Stay true to pandas method chaining by using this logging accessor
pip install pandas-chained-logging
To quickly get started use our log
accessor with the message you want to log. This will print the message and return the dataframe.
In [1]: import pandas as pd
...: import pandas_chained_logging
...:
...: df = pd.DataFrame({"a": [1, 2, 3], "b": [4, 5, 6]})
...:
...: (
...: df
...: .assign(c=lambda x: x.a + x.b)
...: .log("We can log and chain!")
...: .assign(d=lambda x: x.a * x.b)
...: .log("We can log and chain again!")
...: .log("We can get the new shape and dtypes by using a callable")
...: .log(lambda df: f"!\n{df.shape=}\n{df.dtypes=}")
...: )
We can log and chain!
We can log and chain again!
We can get the new shape and dtypes by using a callable
!
df.shape=(3, 4)
df.dtypes=a int64
b int64
c int64
d int64
dtype: object
Out[1]:
a b c d
0 1 4 5 4
1 2 5 7 10
2 3 6 9 18
To use a logger instead of print
you can configure the logger with the configure_logger
function.
In [1]: import logging
...: import pandas as pd
...: import pandas_chained_logging
...:
...: logger = logging.getLogger("my_logger")
...: sh = logging.StreamHandler()
...: formatter = logging.Formatter('%(asctime)s - %(name)s - %(levelname)s - %(message)s')
...: sh.setFormatter(formatter)
...: logger.addHandler(sh)
...: logger.setLevel("INFO")
...: pandas_chained_logging.configure_logger(logger)
...:
...: df = pd.DataFrame({"a": [1, 2, 3], "b": [4, 5, 6]})
...:
...: (
...: df
...: .assign(c=lambda x: x.a + x.b)
...: .log("We can log and chain!")
...: .assign(d=lambda x: x.a * x.b)
...: .log("We can log and chain again!")
...: .log("We can get the new shape and dtypes by using a callable")
...: .log(lambda df: f"!\n{df.shape=}\n{df.dtypes=}")
...: )
2023-05-23 08:45:28,923 - my_logger - INFO - We can log and chain!
2023-05-23 08:45:28,925 - my_logger - INFO - We can log and chain again!

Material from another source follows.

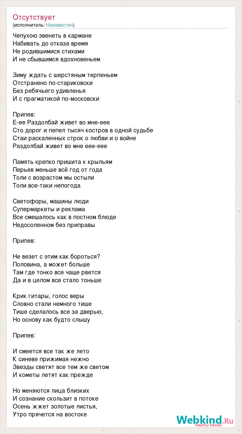 Чепухою звенеть в кармане Набивать до отказа время Не родившимися стихами И не сбывшимся вдохновеньем Зиму ждать с шерстяным терпеньем Отстранено по-стариковски Без ребячьего удивленья И с прагматикой по-московски Припев: Е-ее Раздолбай живет во мне-еее Сто дорог и пепел тысяч костров в одной судьбе Стаи раскаленных строк о любви и о войне Раздолбай живет во мне еее-еее Память крепко пришита к крыльям Перьев меньше всё год от года Толи с возрастом мы остыли Толи все-таки непогода Светофоры, машины люди Супермаркеты и реклама Все смешалось как в постном блюде Недосоленном без приправы Припев: Не везет с этим как бороться? Половина, а может больше Там где тонко все чаще рвется Да и в целом все стало тоньше Крик гитары, голос веры Словно стали немного тише Тише сделалось все за дверью, Но основу как будто слышу Припев: И смеется все так же лето К синеве прижимая нежно Звезды светят все тем же светом И кометы летят как прежде Но меняются лица близких И сознание скользит в потоке Осень жжет золотые листья, Утро прячется на востоке

2023-05-23 08:45:28,925 - my_logger - INFO - We can get the new shape and dtypes by using a callable
2023-05-23 08:45:28,925 - my_logger - INFO - !
df.shape=(3, 4)
df.dtypes=a int64
b int64
c int64
d int64
dtype: object
Out[1]:
a b c d
0 1 4 5 4
1 2 5 7 10
2 3 6 9 18
You can also pass your logger
to the log
accessor.
In [1]: import logging
...: import pandas as pd
...: import pandas_chained_logging
...:
...: logger = logging.getLogger("my_logger")
...: sh = logging.StreamHandler()
...: formatter = logging.Formatter('%(asctime)s - %(name)s - %(levelname)s - %(message)s')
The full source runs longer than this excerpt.